What we found, however, was exactly the opposite. In all the social-influence worlds, the most popular songs were much more popular (and the least popular songs were less popular) than in the independent condition. At the same time, however, the particular songs that became hits were different in different worlds, just as cumulative-advantage theory would predict. Introducing social influence into human decision making, in other words, didn’t just make the hits bigger; it also made them more unpredictable. ...
2 comments:
A system which allows anyone the opportunity to be wildly successful provides strong motivation for hard work, which a "fairer" system might not.
The New Yorker had a good article a while back about the economics of street gangs. Lots of kids worked really hard for the slim chance to be the (highly paid) boss. Lots of business students dream of becoming that billionaire CEO. Kids study physics hoping to be the next Einstein, or politics hoping to be President.
Without the chance to ride the nonlinearity wave of success, how many of us wouldn't have bothered trying so hard?
"A system which allows anyone the opportunity to be wildly successful provides strong motivation for hard work, which a "fairer" system might not."

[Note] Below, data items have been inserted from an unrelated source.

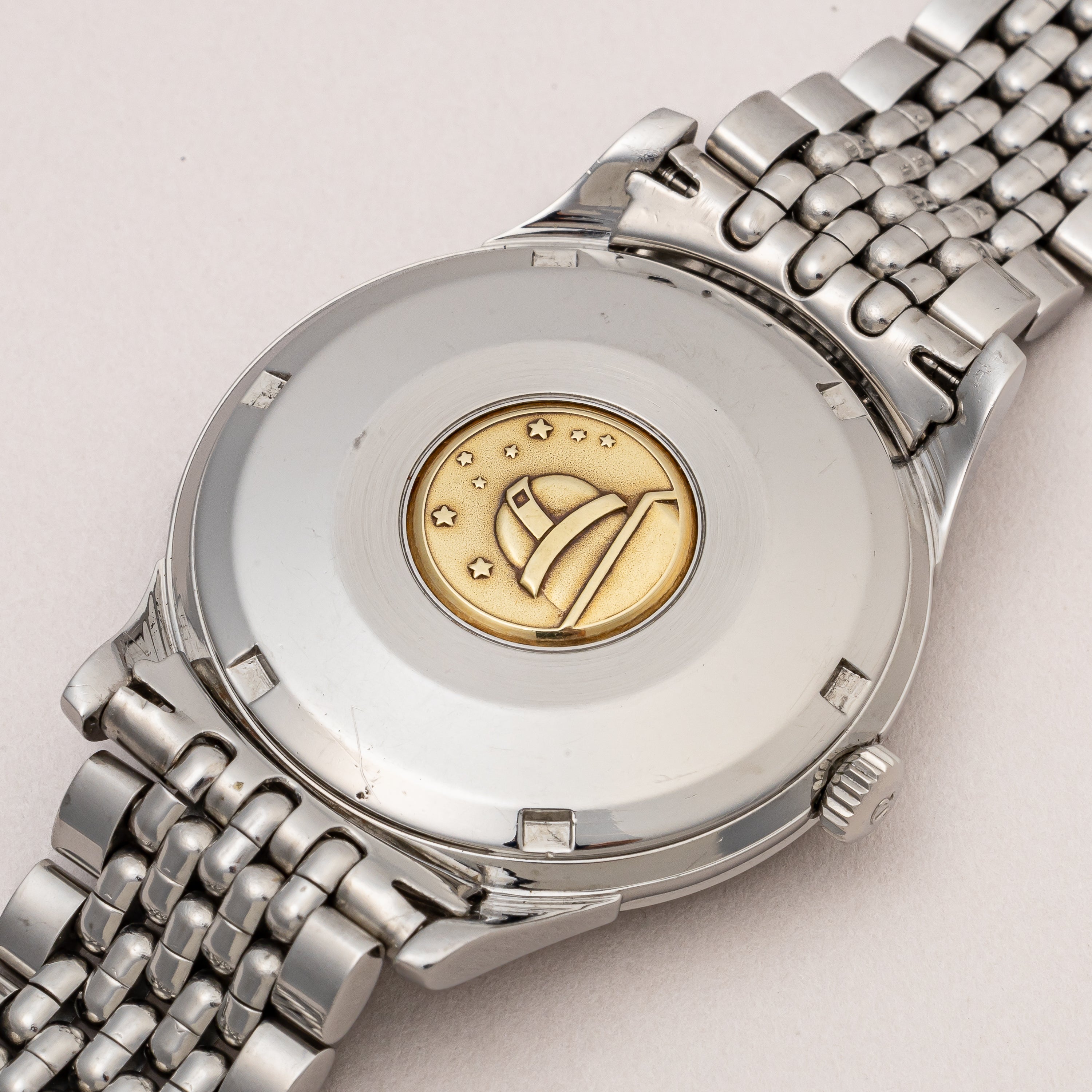- ヴィンテージ時計の特性上、風防・パッキン・リューズ・バネ棒などの消耗部品は後年メンテナンス過程で交換されている場合がございます。オリジナル性を重視しておりますが、必要に応じて適切な部品にて調整されていますので、よりコレクション性重視のお求めのお客様は事前にご確認ください。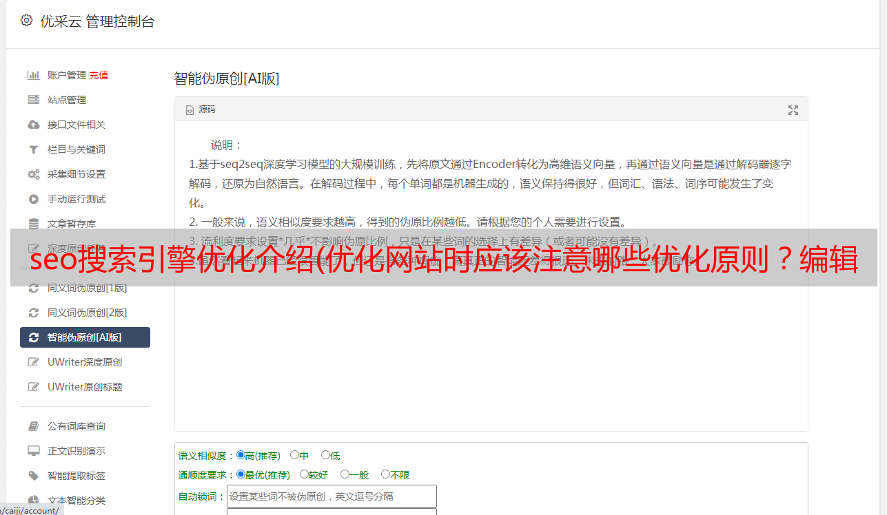 优采云 发布时间: 2021-08-29 14:00seo搜索引擎优化介绍(优化网站时应该注意哪些优化原则?编辑的简要介绍)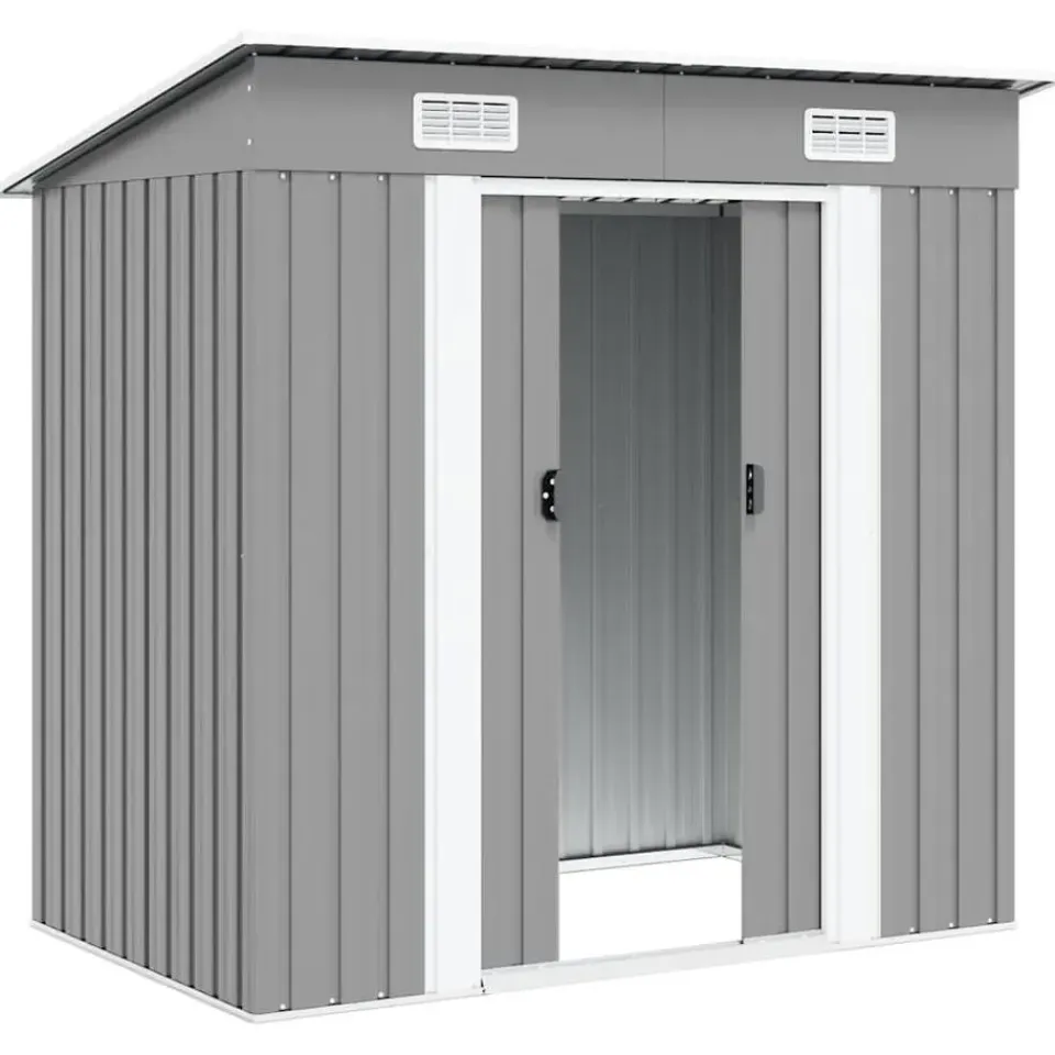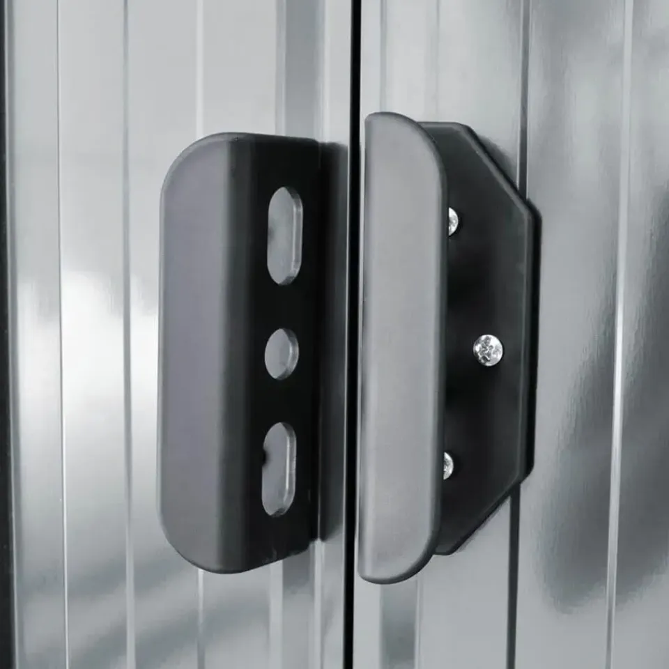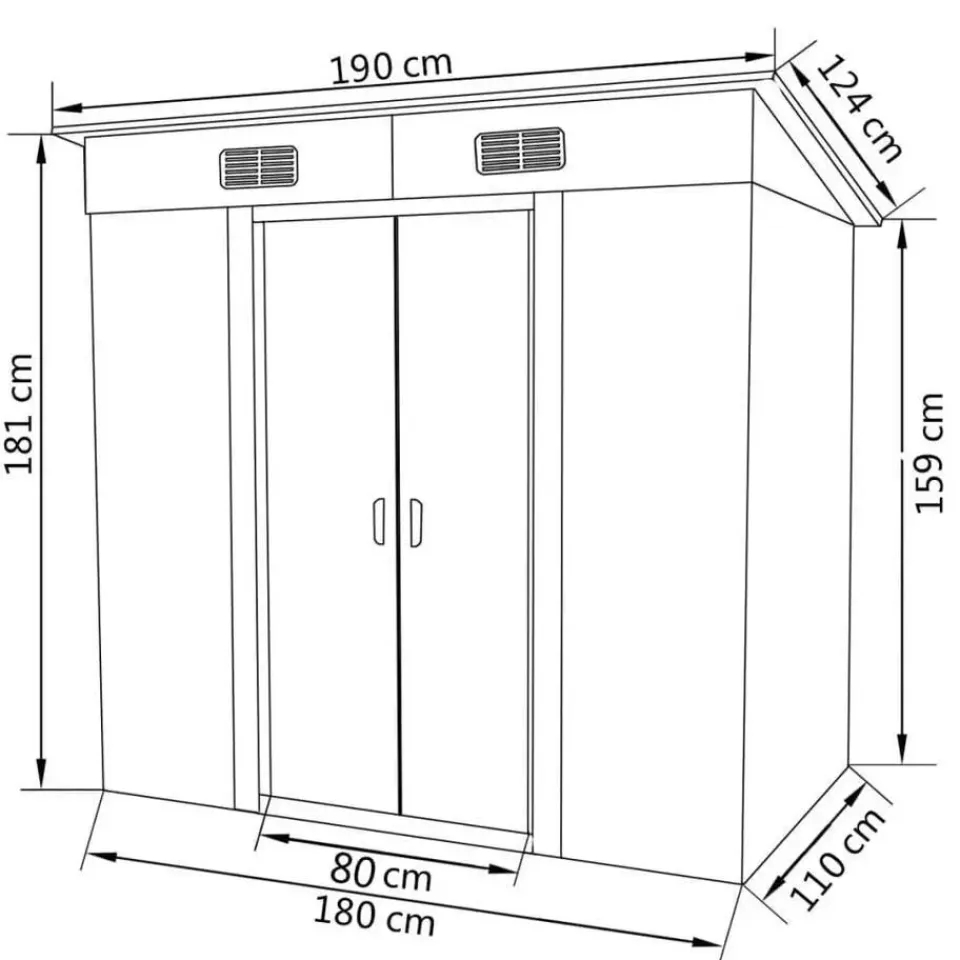 Deze opslagschuur heeft 2 ventilatiegaten aan de voorkant, dit zorgt voor uitstekende ventilatie. De dubbele schuifdeur aan de voorkant zorgt ervoor dat je eenvoudig naar binnen en buiten kunt. De gegalvaniseerde stalen constructie, in combinatie met een verzinkte afwerking maken hem duurzaam en sterk zodat hij niet roest en hij niet wordt aangetast door extreme weersomstandigheden.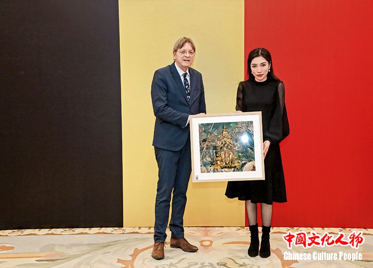 2023年,比利时第二任首相居伊·伏思达收藏米巧铭作品并合影留念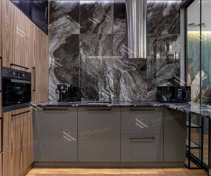 Вся необходимая встроенная и бытовая техника на удобной эргономичной кухне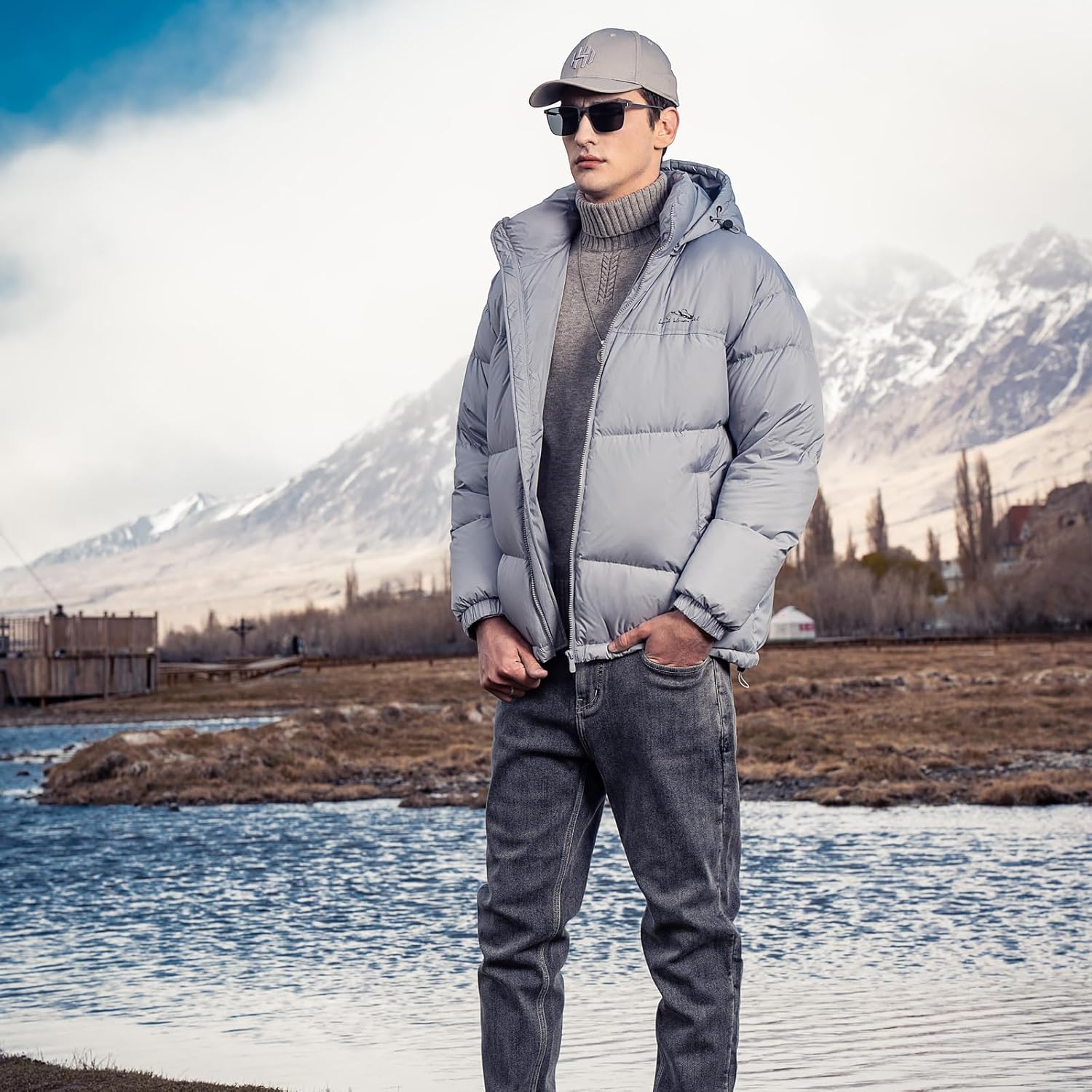 Duck Down Jackets For Men,Mens Puffer Jacket For Cold Protection And Warmth,Hooded Mens Winter Coat,90 White Duck Down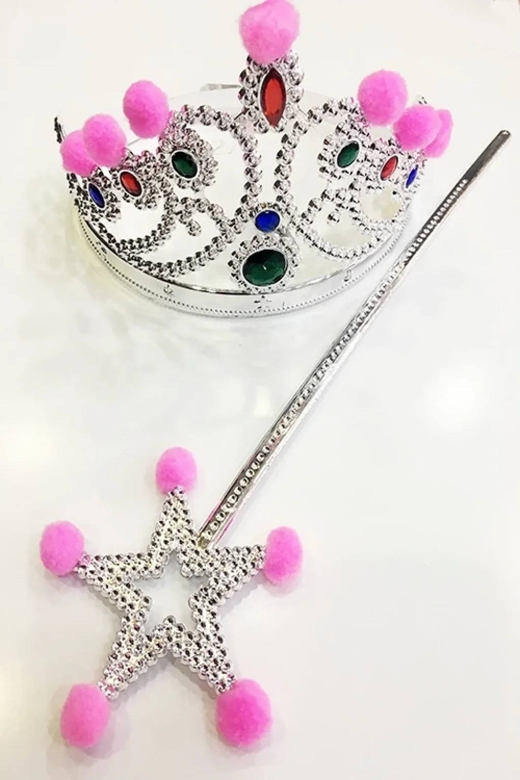 Pembe Ponponlu Gümüş Renk Prenses Tacı Ve Gümüş Renk Prenses Asası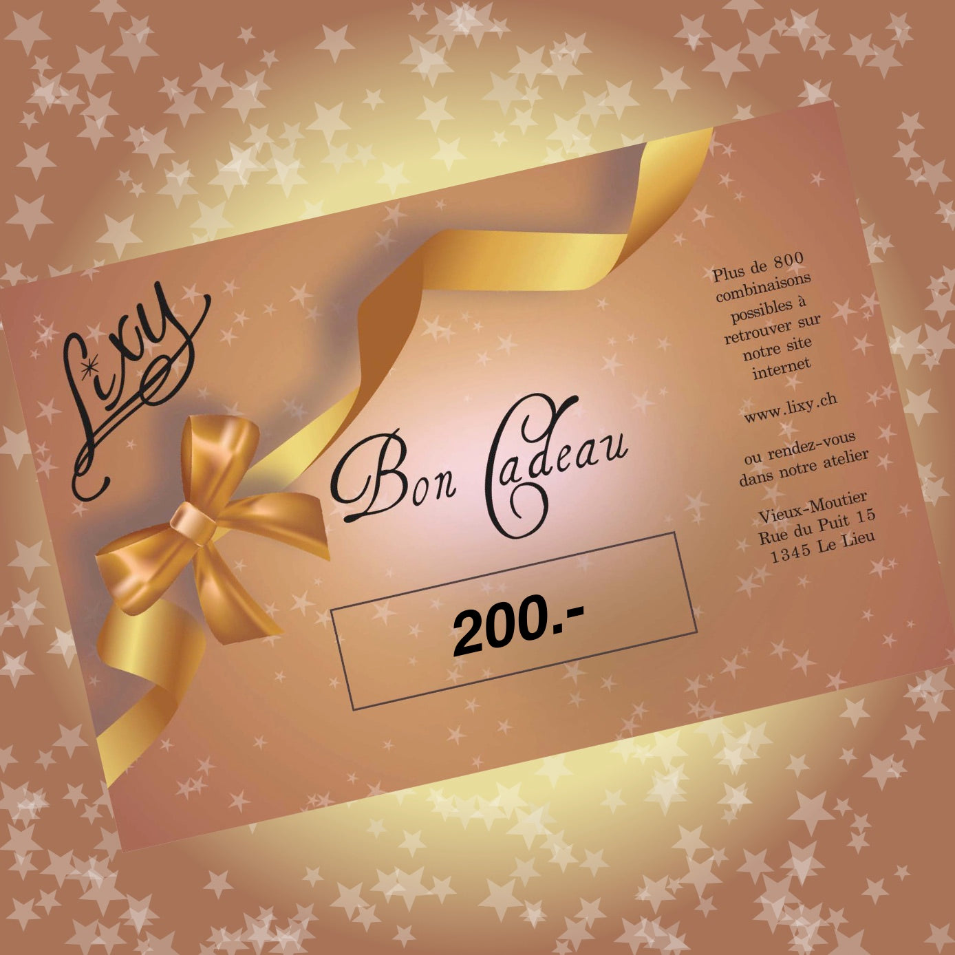Valable sur le site www.lixy.ch ainsi qu'à l'atelier.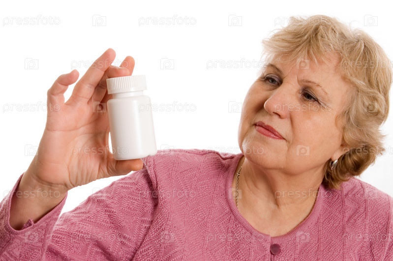 Пожилая женщина с лекарствами в руках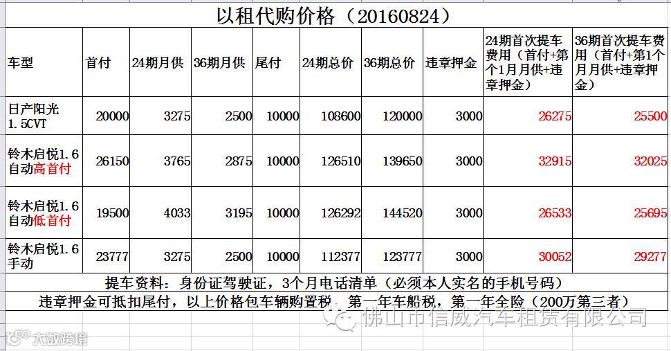 本公司联合广州明信汽车租赁有限公司共同创办了佛山市明信汽车租赁有限公司佛山分公司!目前主要车型 日产阳光 铃木启悦 本田锋范 等等,现车交易,全新车辆,只需交首金即可提车,一天24小时无需交车公司,合同期满,车辆直属个人(底门槛、低首付、低月供) 联系人:潘生 15915972478
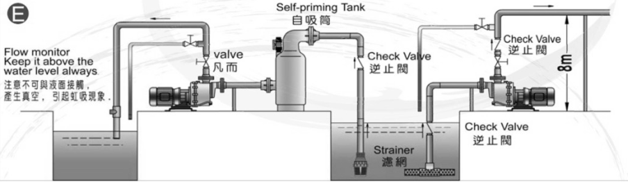泵的自吸高度隨葉輪的圓周速度U2的增大而增大,但到最大自吸高度時,轉(zhuǎn)數(shù)增加而自吸高度就不再增加了,此時只是縮短自吸時間;當轉(zhuǎn)數(shù)下降時,自吸高度則隨著下降。在其它條件不變的情況下,自吸高度還隨著儲水高度的增加而增加(但也不能超過分離室的最佳儲水高度)。為了在自吸泵中更好地使氣水混合,葉輪的葉片須少些,使葉柵的節(jié)距增大;并宜采用半開式葉輪(或葉輪槽道較寬的葉輪),這樣更方便于回水深入地射進葉輪葉柵中。應(yīng)盡量避免將自吸泵裝設(shè)于戶外。若必需安裝于戶外時,應(yīng)覆蓋保護蓋,若泵浦配備有電子控制器時,則需加以保護。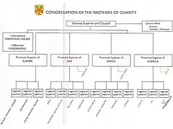 The Congregation is divided into four administrative provinces that correspond with the continents: Europe, the Americas, Asia and Africa. These four provinces represent a total of 14 regions that correspond in turn with the countries where the brothers are present. The superior general is elected for a term of six years by the general chapter and he runs the Congregation with the help of the general council, and the provincial and regional superiors. In the United States, they have houses in Philadelphia and Washington, D.C.[5]
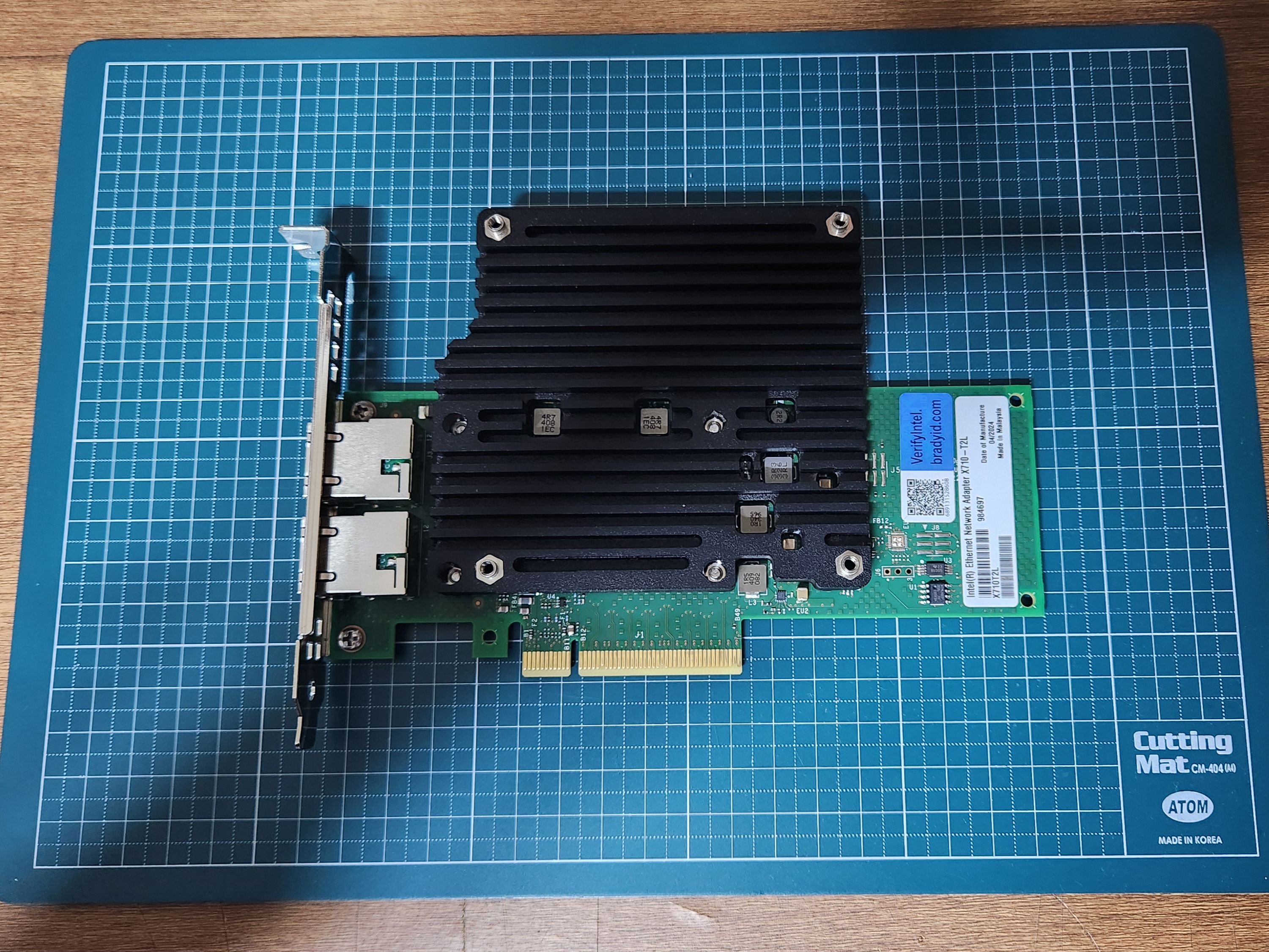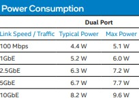 위 제품은 인텔의 10기가비트 랜카드인 X710-T2L로, 최대 대역폭으로 사용 시 10와트에 달하는 전력을 소비하며, 이는 PCIe 5.0 SSD의 전력 소모량에 준합니다.

My guess is you'd get harder and better work overall in a linear system, or at least, in a more linear system. Perhaps there is a curve of efficient linearity.
My guess is that there is a curve and that those who end up too far on its back side wind up like the wealthy Jews in the Weimar Republic. I's also guess that its steepness is roughly proportional to the steepness curve of the IQ and -as importantly- the "will-to-prevail quotient" of the society's elite vs. the society's least common effective denominator.